- What you will do
When you copy the data that follows, reproduce every word exactly and leave out the images.
*** Opening Records to use ***
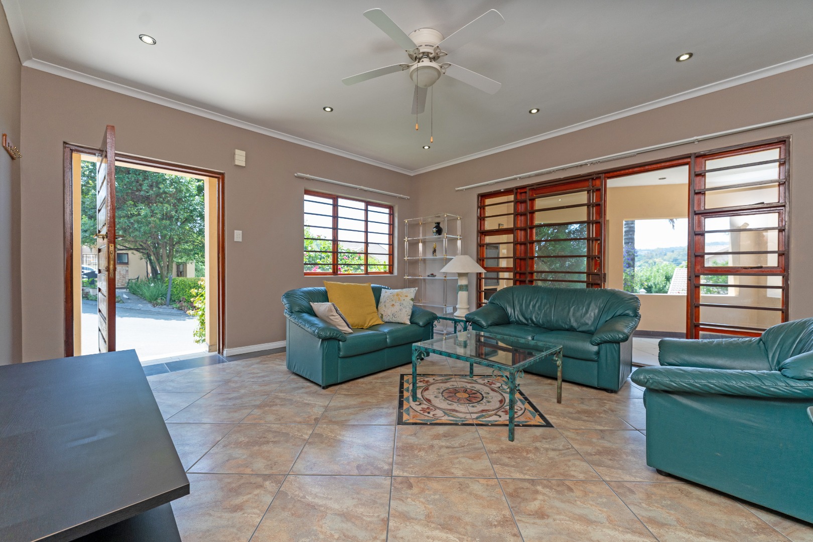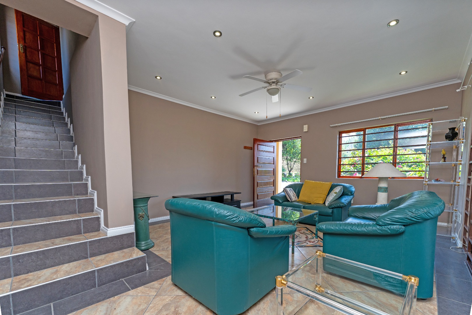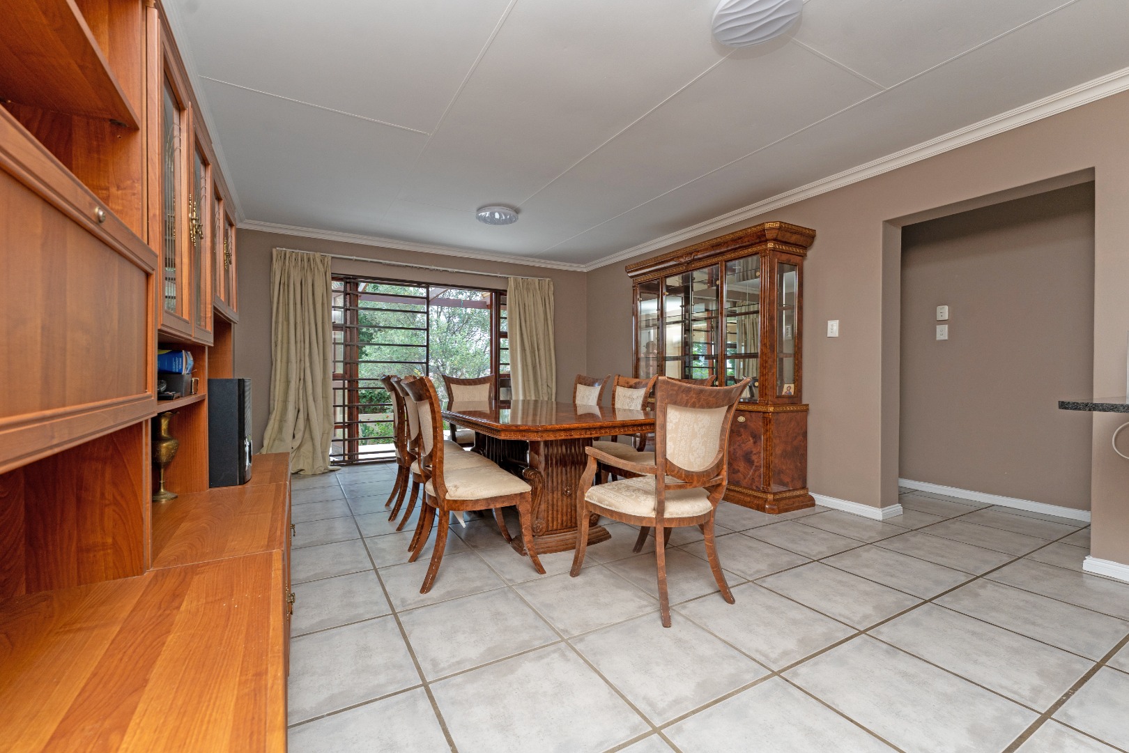 Downstairs Living – The moment you enter the spacious, light-filled home, you're welcomed by a bright and uplifting atmosphere. Two beautifully flowing reception areas—family room and dining area—create a seamless sense of openness, spilling effortlessly onto the large covered patio. Here, the built-in braai and generous entertainment area set the scene for long lunches, sunset chats, and year-round enjoyment, all framed by tranquil views of the Boskruin Koppie.
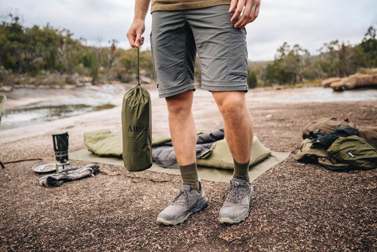 This lightweight groundsheet can be conveniently stashed in the Ultralight Camp Chair drawstring pouch.
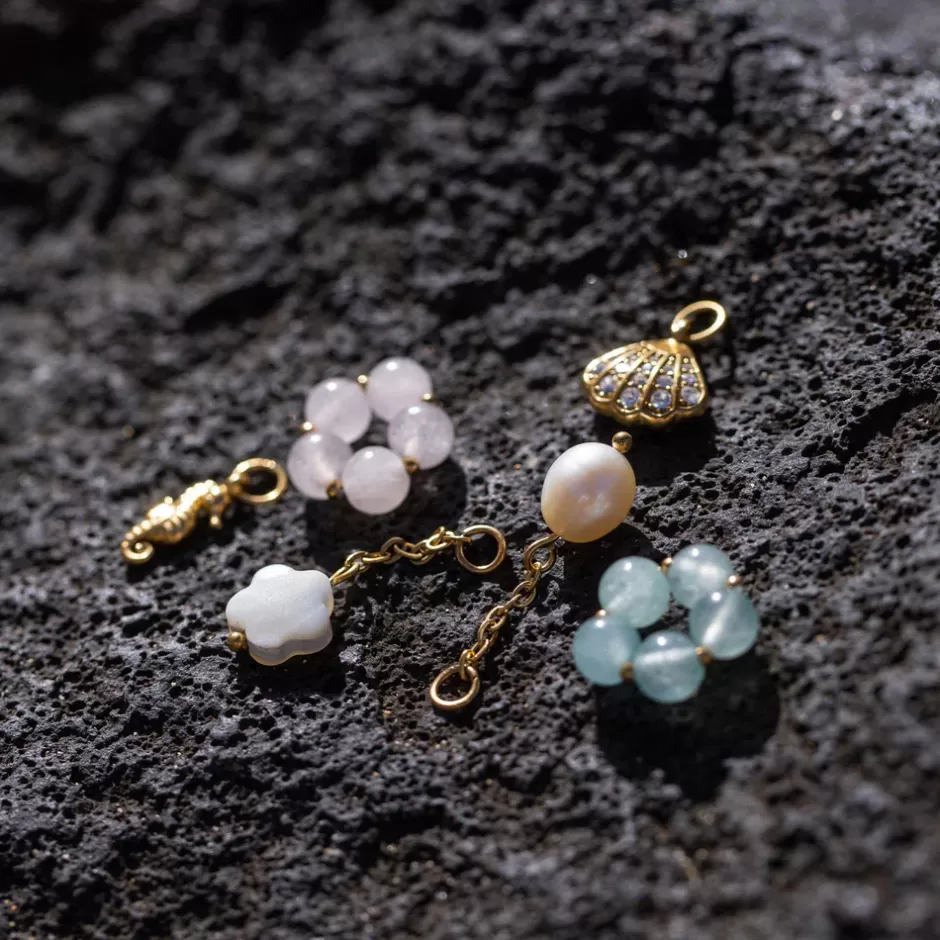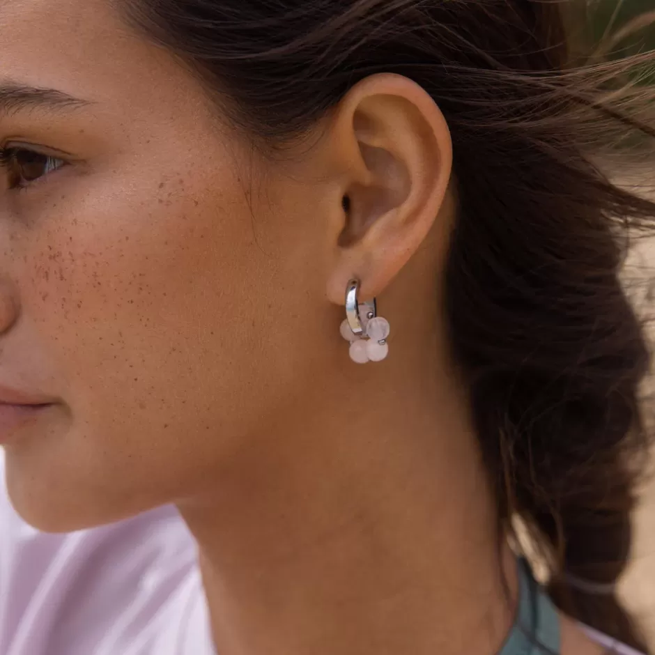 Rosenquartzperlen Formen Einen Blumen Charm. Der Rose Flower Charm Passt Perfekt An Die Creolen Der Modular Hoops Collection.
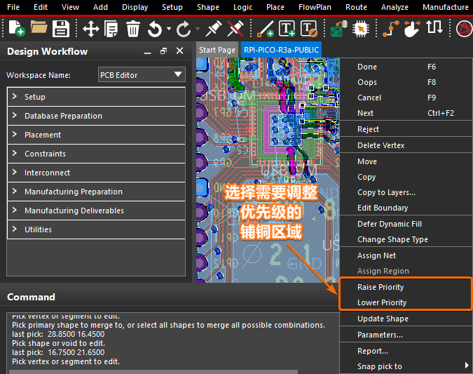 这里同样通过菜单栏上的【Shape -> Select Shape or Void/Cavity】命令,选中需要提高或者降低优先级的铺铜区域,然后点击鼠标右键菜单上的【Raise Priority】或者【Lower Priority】选项,就可以提高或者降低该铺铜区域的优先级。
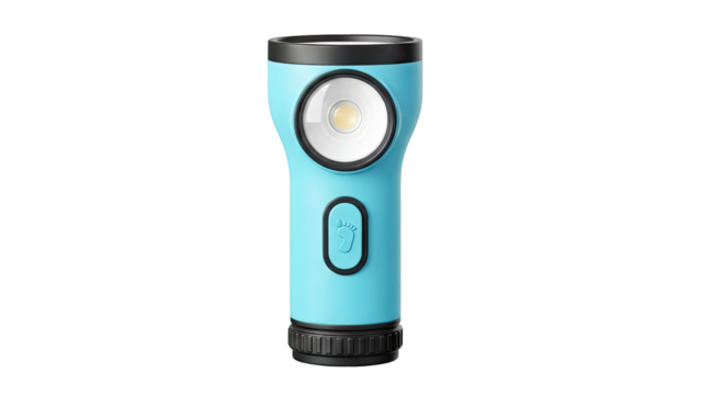 Detailed close up of a powerful silver metal led flashlight with textured grip isolated on transparent background
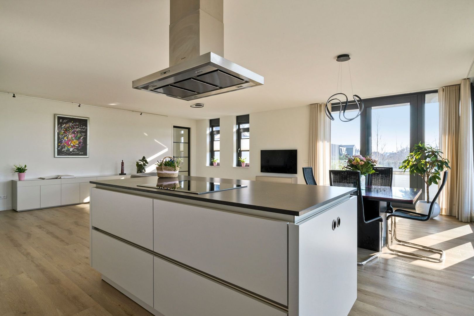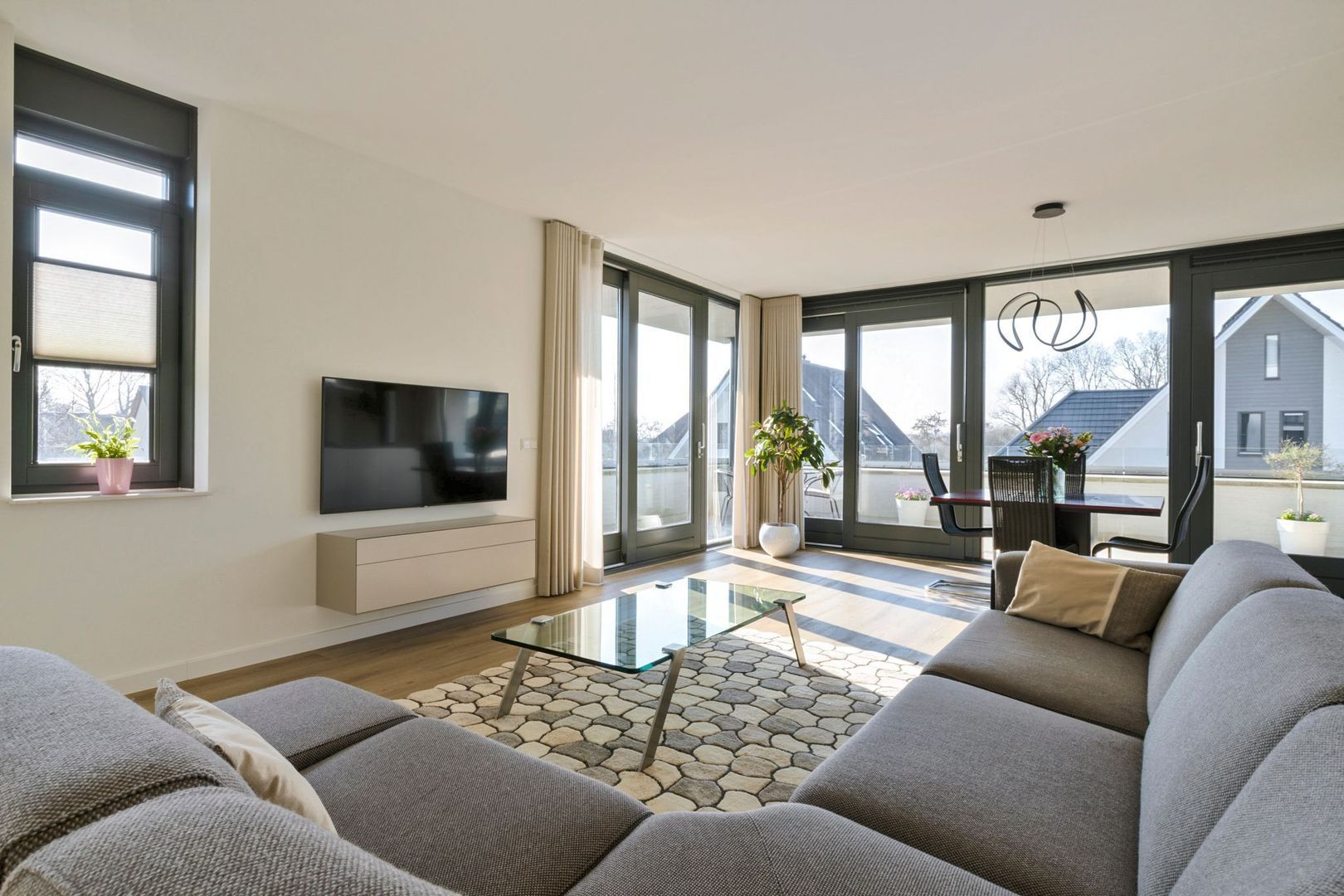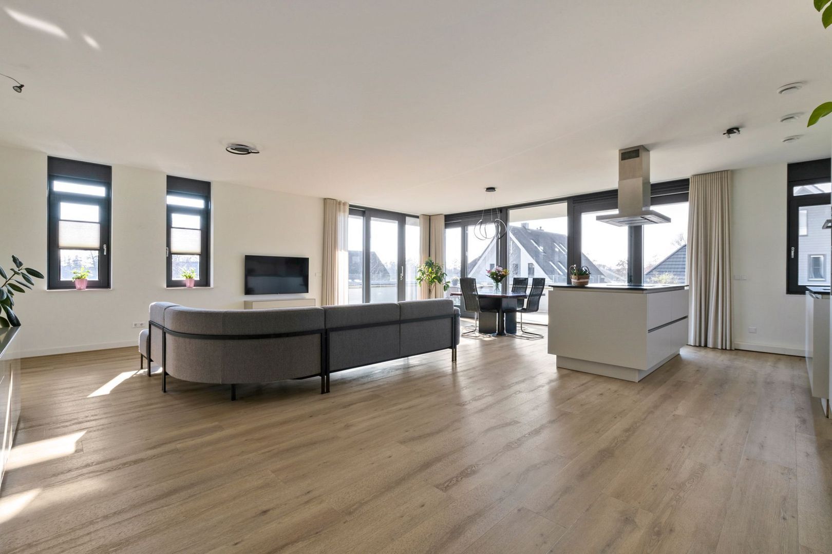 Aan de voorzijde is de zeer lichte en ruime woonkamer gelegen met grote raampartijen van vloer tot plafond, wat zorgt voor veel lichtinval. De woonkamer is voorzien van airconditioning en elektrische zonneschermen. Via de openslaande deuren is het L-vormige balkon van 26m² bereikbaar. De woonkamer biedt volop ruimte voor een royale zithoek en eethoek.
*** Closing Records to use ***
- Your response
 Downstairs Living – The moment you enter the spacious, light-filled home, you're welcomed by a bright and uplifting atmosphere. Two beautifully flowing reception areas—family room and dining area—create a seamless sense of openness, spilling effortlessly onto the large covered patio. Here, the built-in braai and generous entertainment area set the scene for long lunches, sunset chats, and year-round enjoyment, all framed by tranquil views of the Boskruin Koppie.
 This lightweight groundsheet can be conveniently stashed in the Ultralight Camp Chair drawstring pouch.
 Rosenquartzperlen Formen Einen Blumen Charm. Der Rose Flower Charm Passt Perfekt An Die Creolen Der Modular Hoops Collection.
 这里同样通过菜单栏上的【Shape -> Select Shape or Void/Cavity】命令,选中需要提高或者降低优先级的铺铜区域,然后点击鼠标右键菜单上的【Raise Priority】或者【Lower Priority】选项,就可以提高或者降低该铺铜区域的优先级。
 Detailed close up of a powerful silver metal led flashlight with textured grip isolated on transparent background
 Aan de voorzijde is de zeer lichte en ruime woonkamer gelegen met grote raampartijen van vloer tot plafond, wat zorgt voor veel lichtinval. De woonkamer is voorzien van airconditioning en elektrische zonneschermen. Via de openslaande deuren is het L-vormige balkon van 26m² bereikbaar. De woonkamer biedt volop ruimte voor een royale zithoek en eethoek.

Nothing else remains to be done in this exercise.